Кто-то постучал в дверь, справляясь, все ли в порядке.
– Да-да, – ответил Кид через плечо. – Но мне понадобится эта комната на некоторое время. Задерни шторы, пожалуйста.
Мы услышали звяканье колец шторы, закрывающей дверь от взглядов братьев, проходящих по коридору из ложи в банкетный зал, по балке, и звуки снаружи стали тише. Стренджвик, ерзая на кушетке, все говорил – снова и снова – о замерзших трупах, которые скрипят под ногами.
– Он опять играет, – прошептал мне Кид. – Тут не в этом дело, как и тогда.
– Но ведь подобные вещи очень сильно западают в память, – ответил я. – Помнишь, в октябре…
– Здесь дело в другом, и очень интересно, что именно у него на уме. – И он добавил уже громко: – О чем ты думаешь?
– О Французском квартале и Мясницком переулке, – пробормотал Стренджвик.
– О да, там их было полно.
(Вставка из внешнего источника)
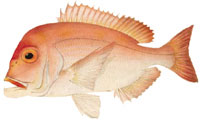 アカアマダイ 8年で雄32cm、雌29cm。肉は白くてやわらかく、塩干しや味噌漬けにするとおいしい。 |

А было б еще больше, если б мы под бомбежкой просто лежали, а не палили по самолетам изо всех стволов. – Кид подмигнул мне, чтобы я подстраивался под него и начал подыгрывать.
– А что такое «Французский квартал»? – начал я.
– Это под Фампу был такой траншейный профиль, который нам передали французы. Они, конечно, вояки хоть куда, но жутко неопрятные. Они и снаружи и изнутри обложили стенки траншеи трупами, чтобы укрепить, потому что во время оттепели все потекло и пообваливалось. Нашим тоже приходилось так иногда делать, но что творилось в Мясницком переулке Французского квартала, – просто глаза б мои не смотрели. Благо, мы вскоре оттяпали у гансов новый кусок земли и с ноября уже не нуждались во французских траншеях. Помнишь, Стренджвик?
– Как не помнить? Господи, если там не было настила, ты по ним идешь, а они скрипят!..
– Ну а как же им не скрипеть? Кожа же, – ответил Кид. – Нервирует, конечно, но…
– Нервирует? Это невыносимо! – простонал Стренджвик.
– Ну, в твоем возрасте это вопрос еще пары лет, за которые ты все забудешь. Выпей-ка еще успокоительного, а потом спокойно поговорим обо всем этом, хорошо?
Кид снова открыл шкафчик и аккуратно накапал в раствор чего-то темного, что явно не было нюхательной солью: – Через пару минут успокоишься, – сказал он. – Лежи тихо и не говори ничего, если тебе не хочется.
Потом он посмотрел на меня, пощипывая себя за бороду.
– Да-а-а, в Мясницком переулке было страшновато. Как только увидел Стренджвика, у меня все сразу всплыло в памяти. Забавно! У нас был замкомвзвода во втором… Как же, черт возьми, его звали?.. Почти совсем старик, он, наверное, наврал, как истинный патриот, о своем возрасте, чтобы его взяли в армию, но из всего сержантского состава он был самым дельным, и просто невозможно было себе представить, чтобы он в чем-то ошибся. В январе восемнадцатого его отправили домой на две недели, на побывку. А ты, Стренджвик, состоял тогда при штабе батальона, так?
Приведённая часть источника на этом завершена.